Saved entries
== Segment start ==
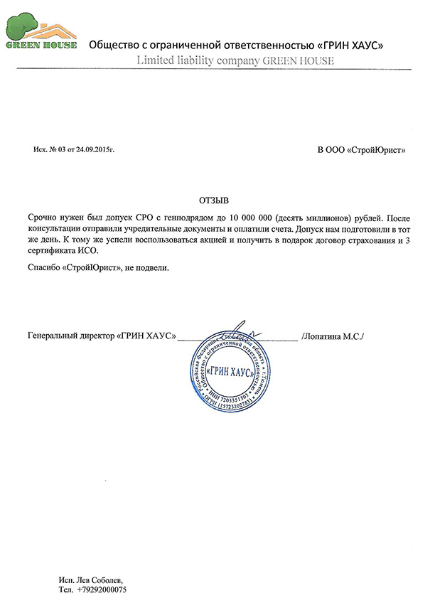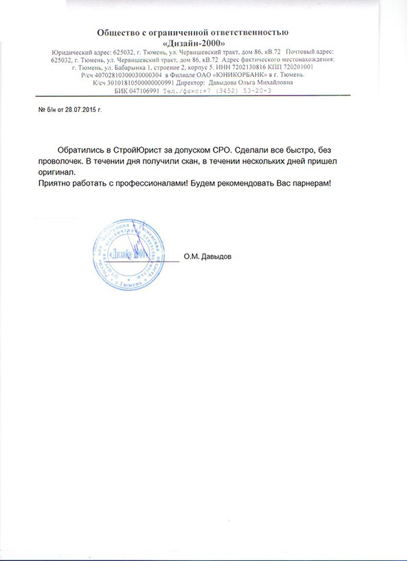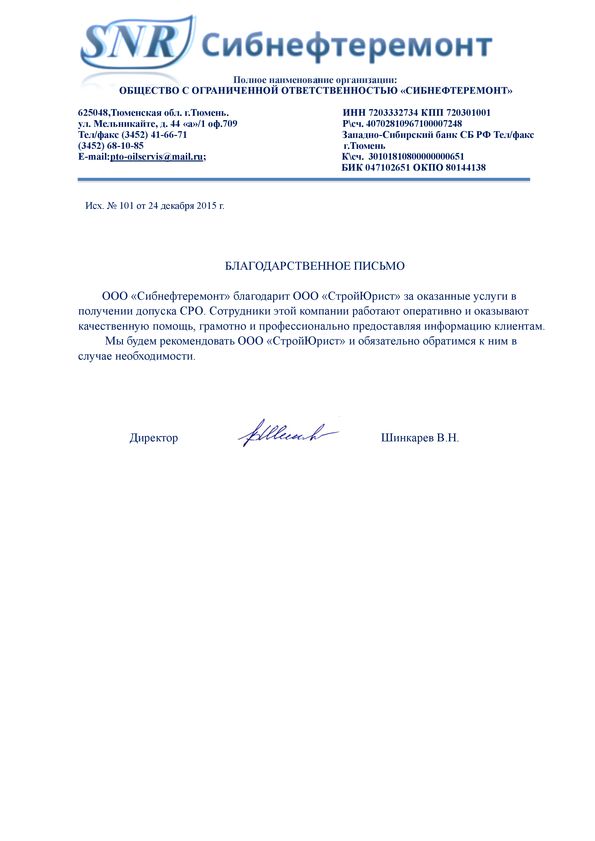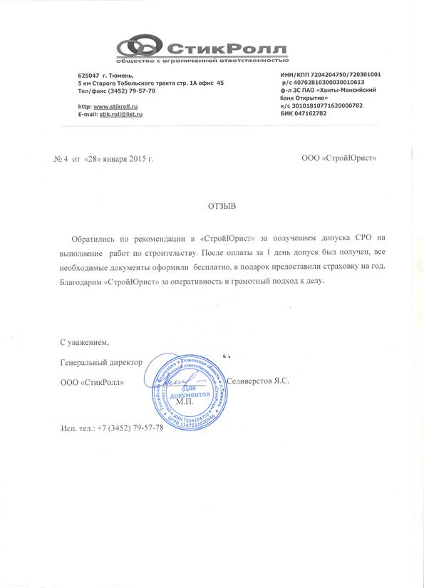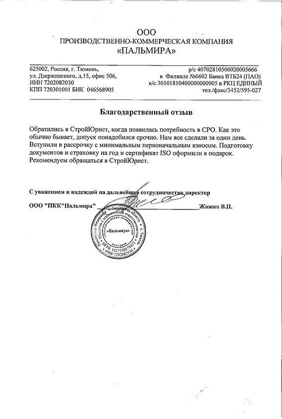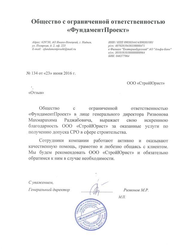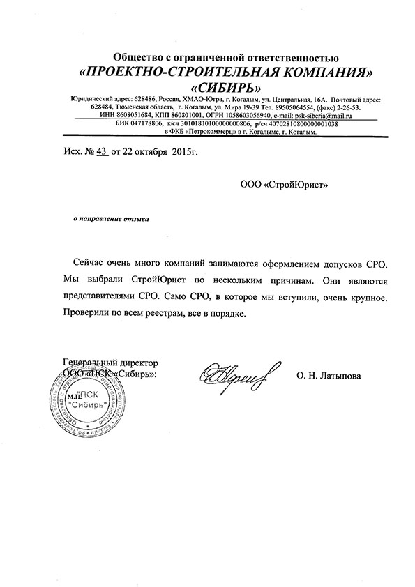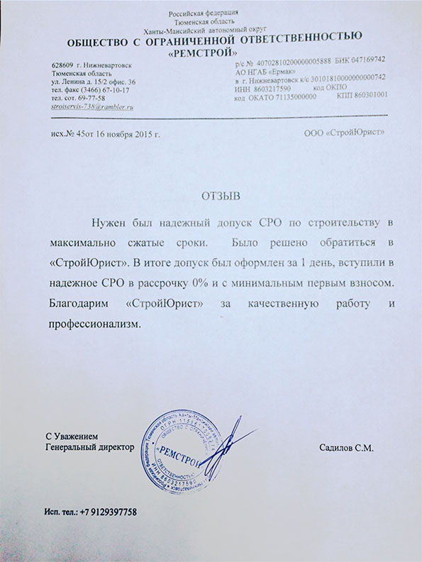Отзывы клиентов "СтройЮрист" по вступлению в СРО в Нягане
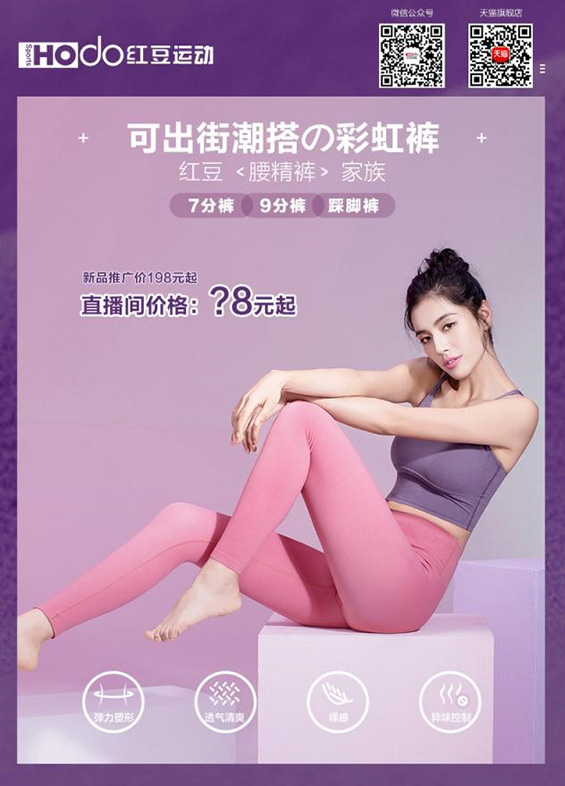 現在的女孩子都喜歡穿能夠凸顯身材的衣服,尤其是褲子,專挑能夠顯腿細腿長的。紅豆運動裝的新款小妖精褲,加高14cm超高腰設計,加寬腰面更帖和,收腹作用明顯,能夠凸顯完美S型身材。面料非常柔軟舒適,沒有壓迫感,能夠滿足任何大幅度拉伸活動。而且,面料還使用了抗菌劑,能有效控制異味,如化學氣味,汗臭等,還可以抑制微生物細菌滋生,適合各種敏感肌穿著。
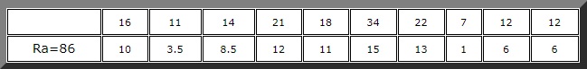 Los rangos Ra y Rb se obtienen de las sumas de los elementos de la segunda fila para cada caso o región.
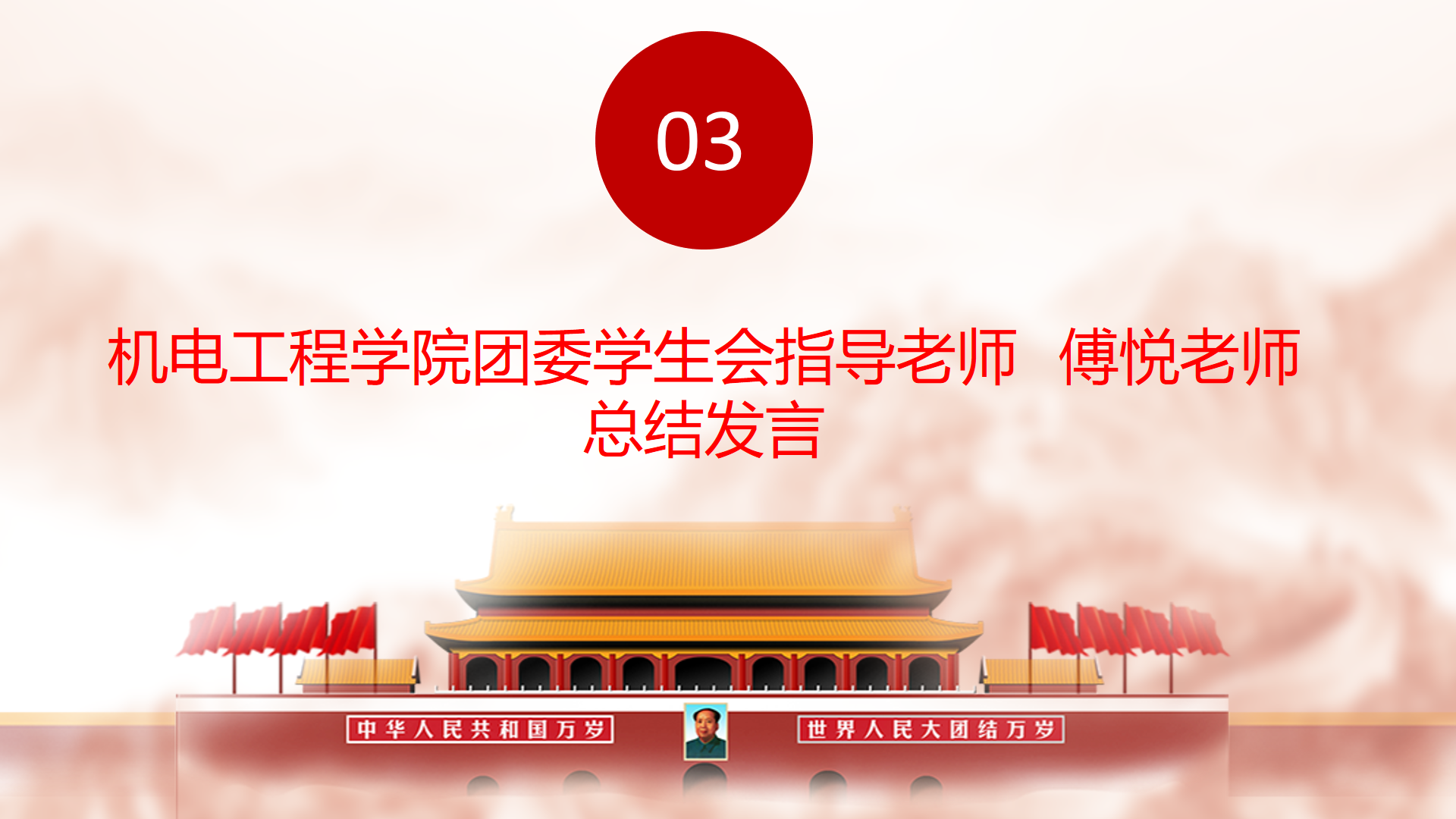 活动的最后,机电团委学生会的指导老师傅悦老师做了总结讲话。她表以抗日战争、朝鲜战争中为国捐躯的青年,以及上世纪60年代在戈壁滩为祖国研究两弹一星的党员青年为例,希望当代青年能够学习榜样的力量,能够在国家需要的时候站出来,成为国家的脊梁。她希望我们机电的学子们能够了解这个世界,认识中国所处的位置,在中华民族艰苦奋斗过程体会中华民族的伟大与美好。最后,傅悦老师祝愿世界杯体育官方网站的学生们五四青年节快乐,并表达了希望我们向上想好,为中华民族伟大复兴的中国梦而努力奋斗。
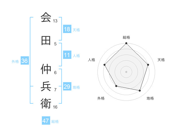 会田 仲兵衛さんを姓名の画数から五運を鑑定
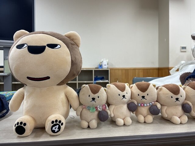 MBSのキャラクター“らいよんチャン”と、東能勢小中学校のキャラクター
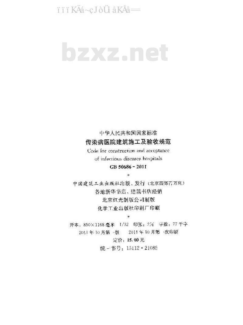 传染病医院建筑施工及验收规范Code for construction and acceptanceof infectious diseases hospitalsGB 50686 -2011
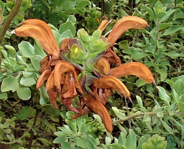 Salvia aurea; is a hardy shrub 1.2- 1.5mH, Tough hardy for hot dry summers, winter cold and tolerates frost. Terracotta flowers appear in spring. Clips very well into a ball or hedge.
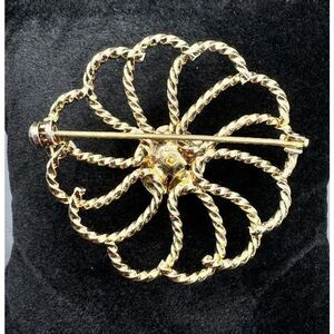 Vintage Jewelry Gold Tone Round Twist Flower Rose Faux Pear Rose Brooch Pin
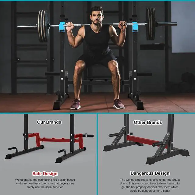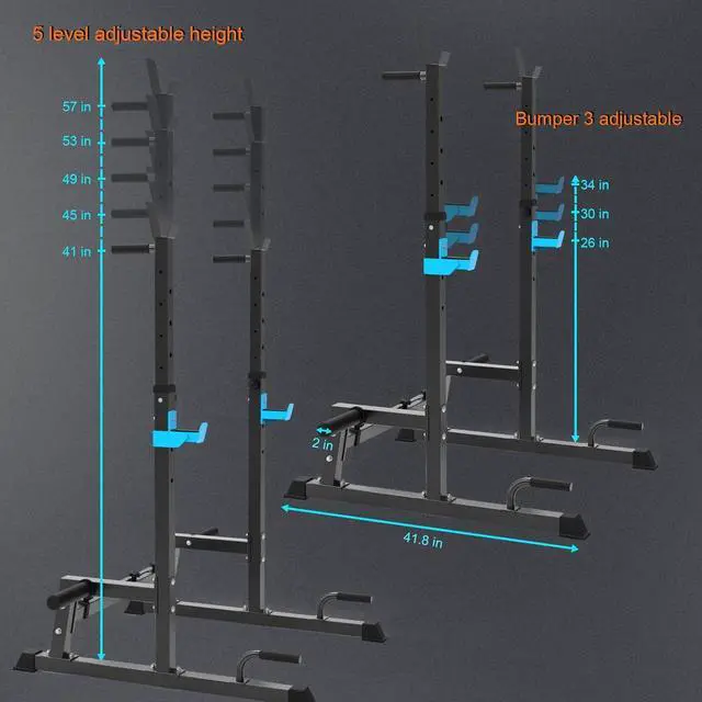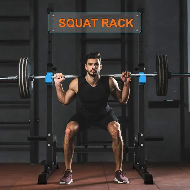 GREAT ADDITION TO THE HOME GYM --- As a adjustable squat rack, it can collocate with other fitness equipment such as weight benches, barbells perfectly. The perfect addition to your home gym,
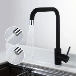 Homelody Küchenarmatur Schwarz Wasserhahn Küche 2 Strahlarten Spültischarmatur 360° Drehbar Einhebelmischer Hochdruck Spülbecken Armatur Mischbatterie Für Küchen, Schwarz
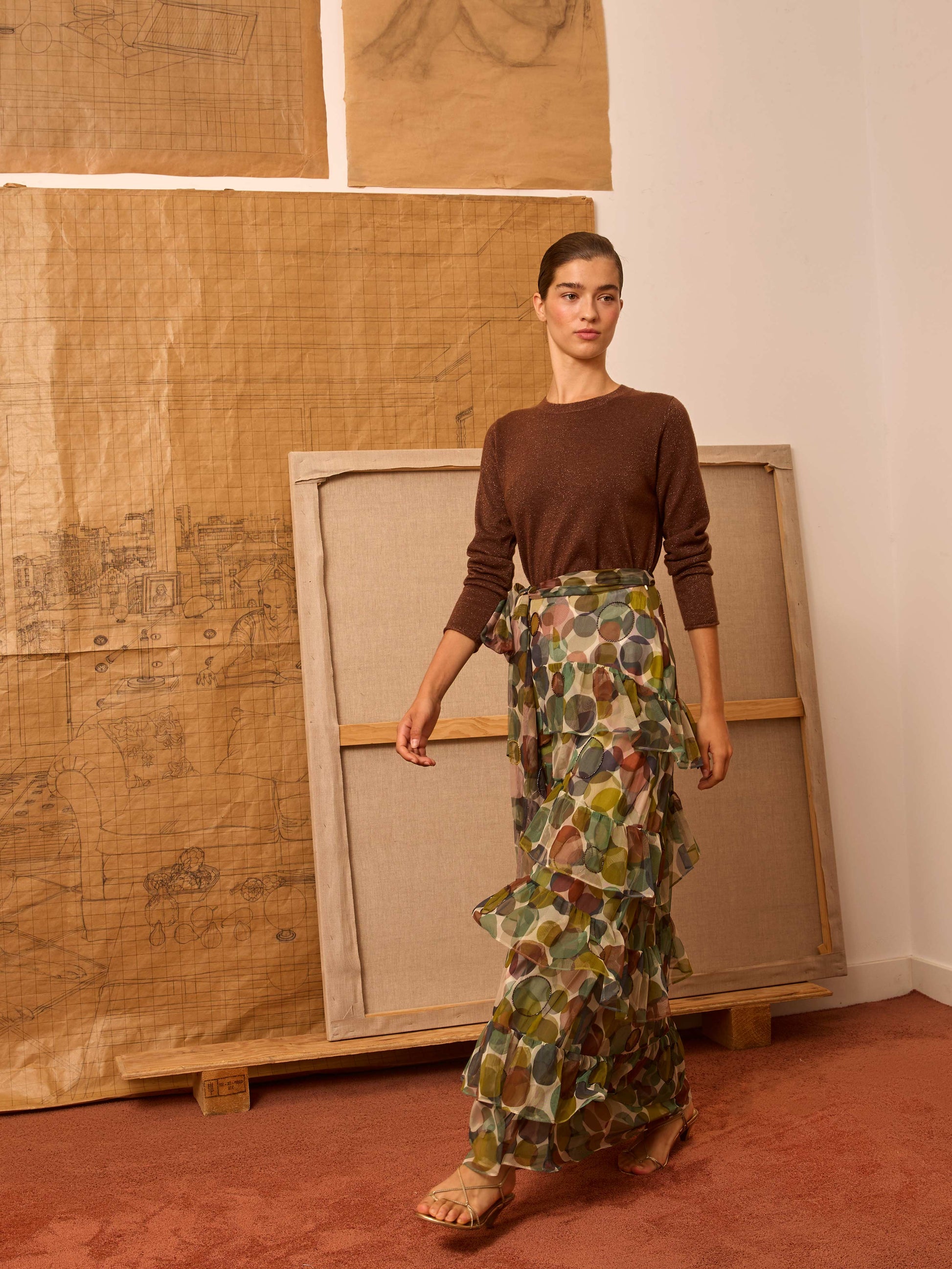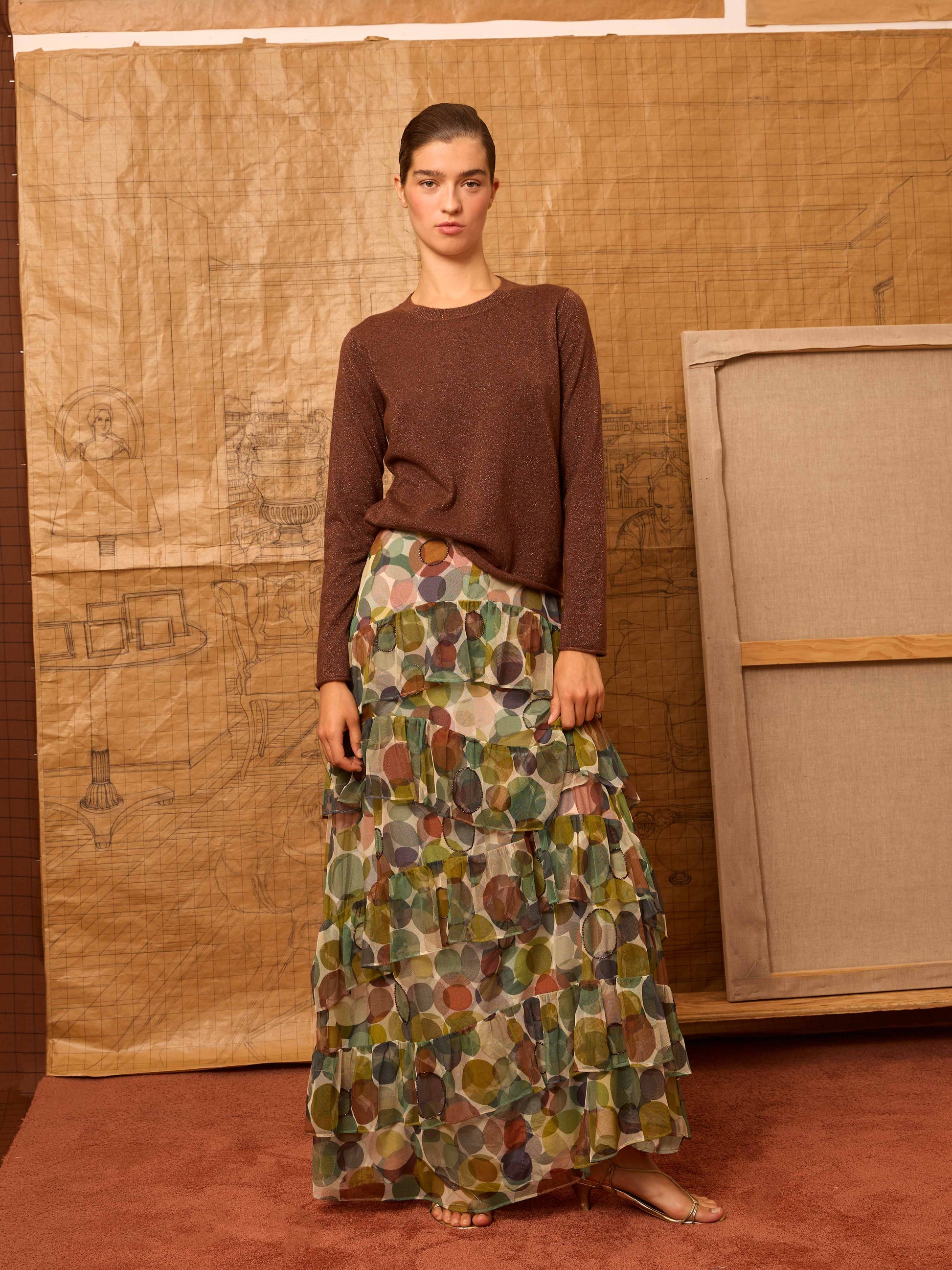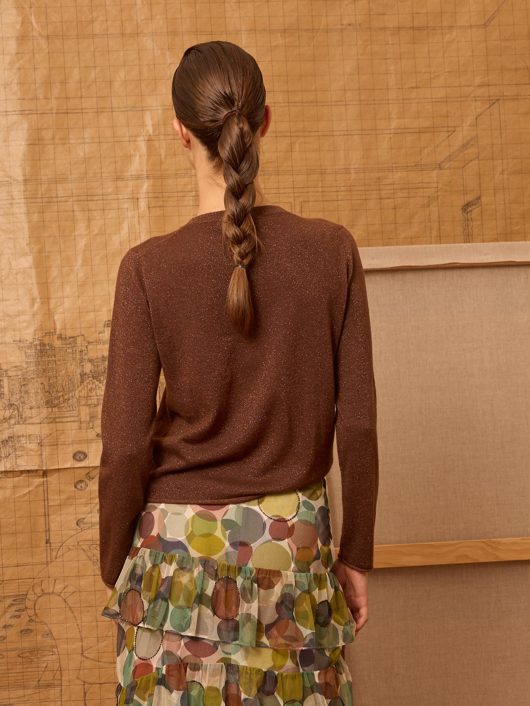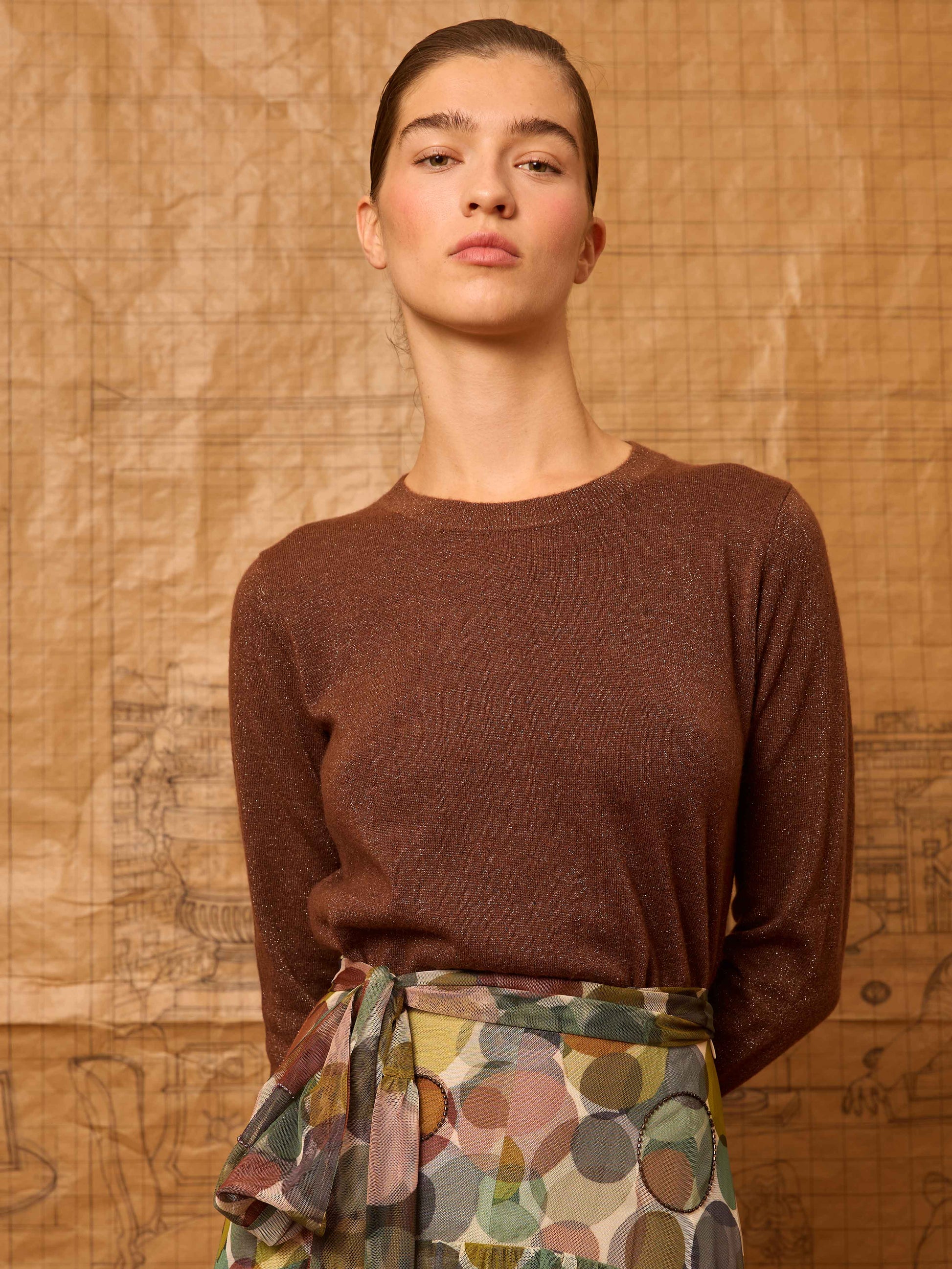 Jersey cuello caja y manga larga en hilatura color marrón con un sutil brillo. Es un acabado con rulo natural del punto en puños y en el bajo
== Segment end ==
_What is needed_:
Copy only what runs above from the line containing "会田 仲兵衛さんを姓名の画数から五運を鑑定" through the line containing "Salvia aurea; is", exactly. Leave out the pictures.

_Solution for this problem_:
 会田 仲兵衛さんを姓名の画数から五運を鑑定
 MBSのキャラクター“らいよんチャン”と、東能勢小中学校のキャラクター
 传染病医院建筑施工及验收规范Code for construction and acceptanceof infectious diseases hospitalsGB 50686 -2011
 Salvia aurea; is a hardy shrub 1.2- 1.5mH, Tough hardy for hot dry summers, winter cold and tolerates frost. Terracotta flowers appear in spring. Clips very well into a ball or hedge.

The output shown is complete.